American pianist, composer, and music educator (1909–1980)

Norman Lloyd (November 8, 1909 – July 31, 1980) was an American pianist, composer, educator, author, and supporter of the arts who scored works for modern dance, documentary film, and classical chamber. Through his work as an educator, notably at Juilliard, he exerted a significant influence on the teaching of music theory, and later as the author of books including the popular Fundamentals of Sight Singing and Ear Training (co-authored with Arnold Fish). He continued to influence and support the arts as creator of the Rockefeller Foundation's arts program and its first director. He was the son of David Lloyd, a steel mill worker and minor league baseball player, and grandson of William Lloyd, a coal miner who immigrated to the United States from Wales in 1845.

==Career==

His professional career began as an 11-year-old piano accompanist for silent films in the early 1920s. He received both his bachelor's and master's degrees from NYU, where he studied musical composition under Aaron Copland. It was also at NYU that Lloyd met fellow piano accompanist Ruth Dorothy Rohrbacher, whom he married in 1933 and with whom he collaborated on books and musical projects throughout his life. They had two sons, David and Alex. In the mid-1930s, Lloyd was hired to work as a pianist and composer in the newly created summer dance program at Bennington College, alongside choreographers Martha Graham, José Limón, Doris Humphrey, and others. During the summers at Bennington, he scored many works for dance, including "Panorama" for Graham and "Lament for Ignacio Sanchez Mejias" with Humphrey choreographing for Limón. The Bennington collaboration of artists during those years is considered by many to be the foundation of modern dance as an American art form.

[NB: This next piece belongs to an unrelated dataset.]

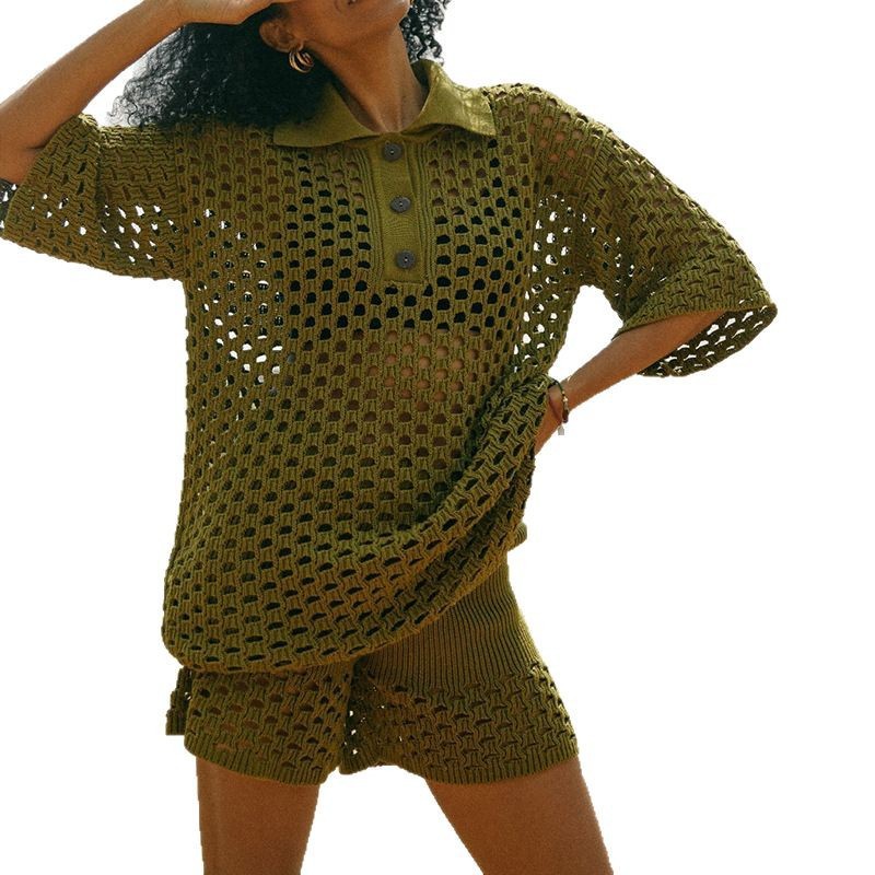유럽과 미국의 봄과 여름 여성 스포츠 레저 세트 아마존 핫 뉴 니트 셔츠 반바지 투피스 세트
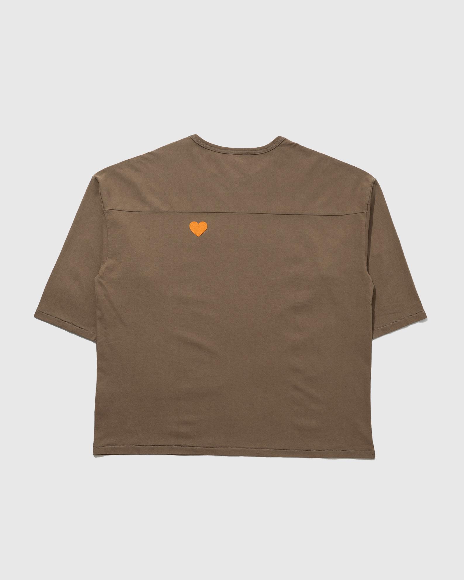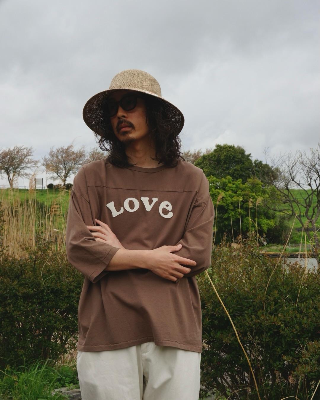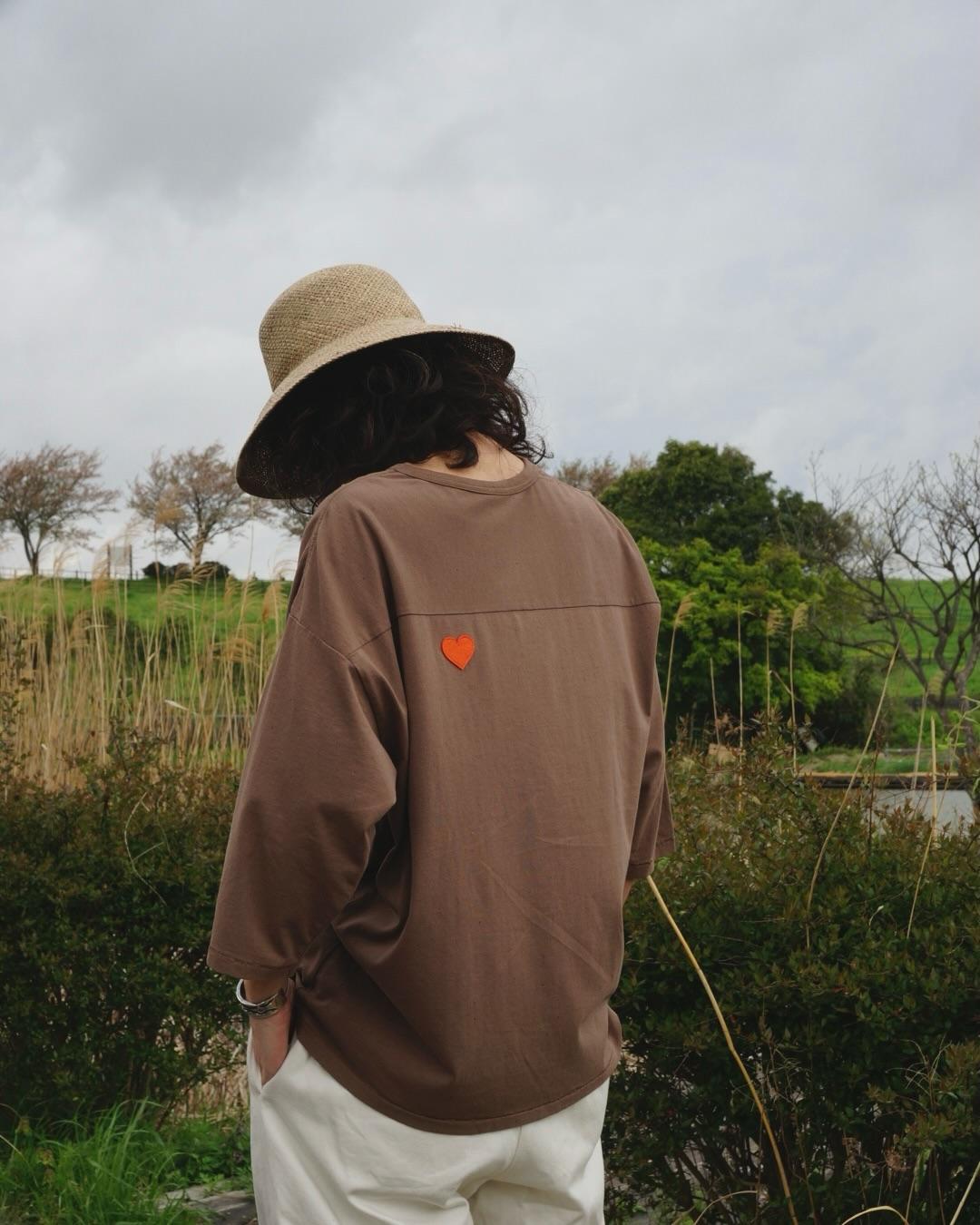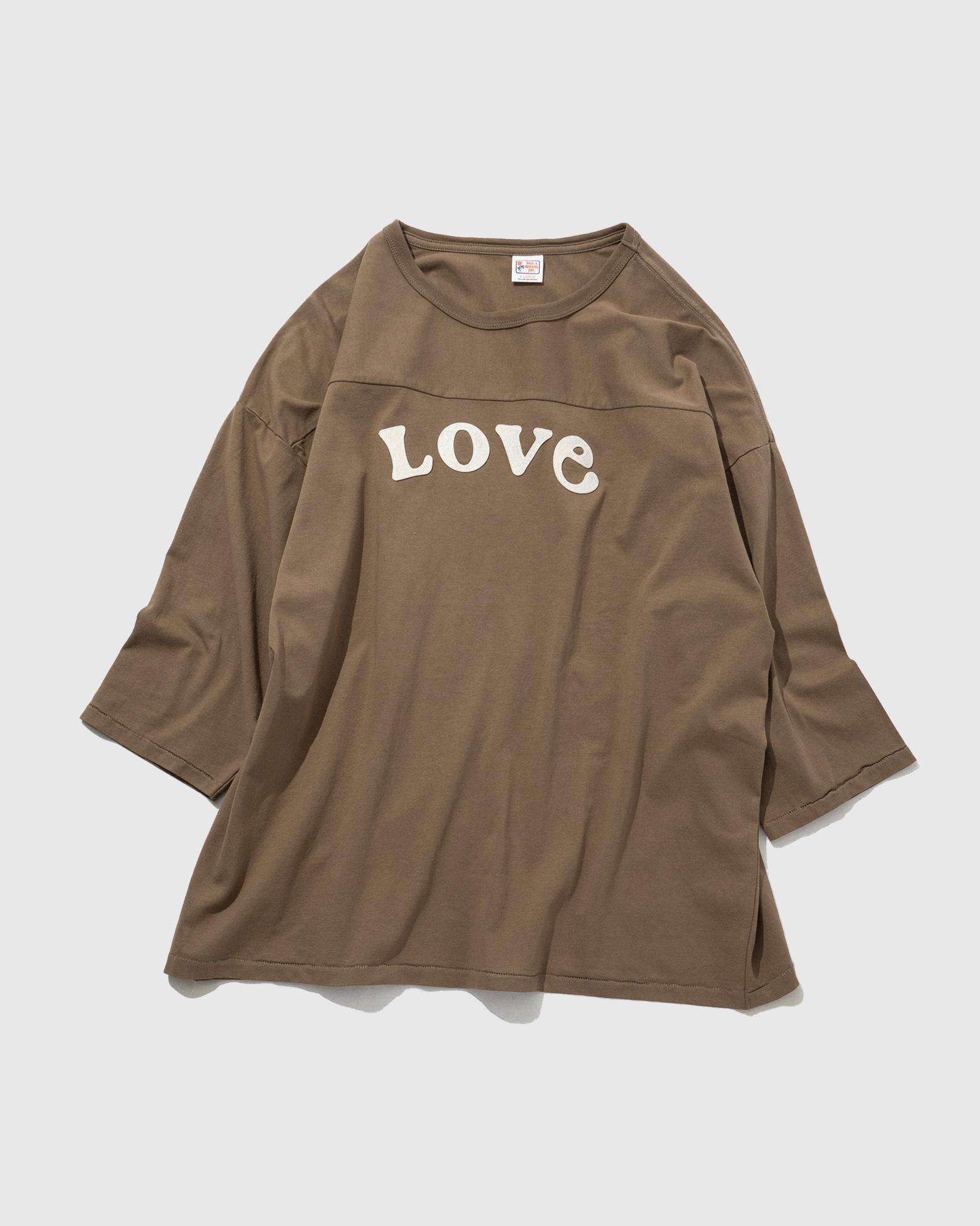 フェルトによる前面のロゴに加え、背面のハートがポイントになったフットボールTシャツ。

Lloyd went on to serve as Director of Education at the Juilliard School in New York City from 1946 to 1949, where he established a new dance division with Martha Hill as director, and invited Graham, Limón, and other Bennington choreographers to join the faculty. During this period, he and Juilliard president William Schuman designed a new and innovative approach to the study of musical theory, entitled "The Literature and Materials of Music", which shifted the emphasis away from textbooks and rigorous ear training to discussion and direct pedagogy by composers in the classroom. He and Schuman were committed to teaching music from a more holistic approach that would "make responsible adults of musicians". The new curriculum was intended to disrupt what the two men considered to be an overly insular culture and rigidly formal training regimen at Juilliard, and effectively altered the course of American musical education towards the more comprehensive and progressive path on which it remains today.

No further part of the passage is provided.